─── Material provided
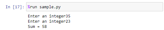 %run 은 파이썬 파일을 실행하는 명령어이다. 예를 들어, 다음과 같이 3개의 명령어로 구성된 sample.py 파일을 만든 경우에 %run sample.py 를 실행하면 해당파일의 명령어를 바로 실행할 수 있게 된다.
──────
─── Material provided
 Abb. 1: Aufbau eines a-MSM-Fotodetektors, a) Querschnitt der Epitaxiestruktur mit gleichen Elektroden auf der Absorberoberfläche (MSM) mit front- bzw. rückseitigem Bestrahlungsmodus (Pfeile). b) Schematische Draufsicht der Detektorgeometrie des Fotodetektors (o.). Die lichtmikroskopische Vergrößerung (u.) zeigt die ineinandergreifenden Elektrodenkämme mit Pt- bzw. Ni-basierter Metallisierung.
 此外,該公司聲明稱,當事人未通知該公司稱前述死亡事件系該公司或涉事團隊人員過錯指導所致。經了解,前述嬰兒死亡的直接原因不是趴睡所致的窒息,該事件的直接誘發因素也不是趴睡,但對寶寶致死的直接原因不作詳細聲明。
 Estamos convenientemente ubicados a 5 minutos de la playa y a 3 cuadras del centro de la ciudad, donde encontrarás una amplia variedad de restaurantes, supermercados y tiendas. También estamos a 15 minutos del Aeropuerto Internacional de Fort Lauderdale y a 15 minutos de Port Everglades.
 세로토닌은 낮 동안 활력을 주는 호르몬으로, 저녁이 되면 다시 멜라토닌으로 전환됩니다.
──────
─── Material provided
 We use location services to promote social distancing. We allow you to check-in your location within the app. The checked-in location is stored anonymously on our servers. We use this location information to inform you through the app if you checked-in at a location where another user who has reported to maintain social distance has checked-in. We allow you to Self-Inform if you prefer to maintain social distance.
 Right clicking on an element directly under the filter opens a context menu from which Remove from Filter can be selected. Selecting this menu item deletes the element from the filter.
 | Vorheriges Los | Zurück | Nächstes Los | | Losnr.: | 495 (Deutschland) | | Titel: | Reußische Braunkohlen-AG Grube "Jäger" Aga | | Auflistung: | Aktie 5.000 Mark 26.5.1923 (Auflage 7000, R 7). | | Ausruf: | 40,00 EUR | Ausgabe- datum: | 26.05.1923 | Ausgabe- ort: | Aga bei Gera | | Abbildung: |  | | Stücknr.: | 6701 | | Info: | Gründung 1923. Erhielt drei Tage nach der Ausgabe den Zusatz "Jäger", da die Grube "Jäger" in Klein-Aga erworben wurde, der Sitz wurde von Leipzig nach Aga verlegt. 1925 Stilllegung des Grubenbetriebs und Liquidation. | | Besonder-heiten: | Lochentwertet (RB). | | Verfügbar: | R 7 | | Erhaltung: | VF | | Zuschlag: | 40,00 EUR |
──────
• **Your task**
Give back, word for word, only the lines above from the line holding "Abb. 1: Aufbau" to the line holding "此外,該公司聲明稱,當事人未", both included.

• **Reply to the exercise**
 Abb. 1: Aufbau eines a-MSM-Fotodetektors, a) Querschnitt der Epitaxiestruktur mit gleichen Elektroden auf der Absorberoberfläche (MSM) mit front- bzw. rückseitigem Bestrahlungsmodus (Pfeile). b) Schematische Draufsicht der Detektorgeometrie des Fotodetektors (o.). Die lichtmikroskopische Vergrößerung (u.) zeigt die ineinandergreifenden Elektrodenkämme mit Pt- bzw. Ni-basierter Metallisierung.
 此外,該公司聲明稱,當事人未通知該公司稱前述死亡事件系該公司或涉事團隊人員過錯指導所致。經了解,前述嬰兒死亡的直接原因不是趴睡所致的窒息,該事件的直接誘發因素也不是趴睡,但對寶寶致死的直接原因不作詳細聲明。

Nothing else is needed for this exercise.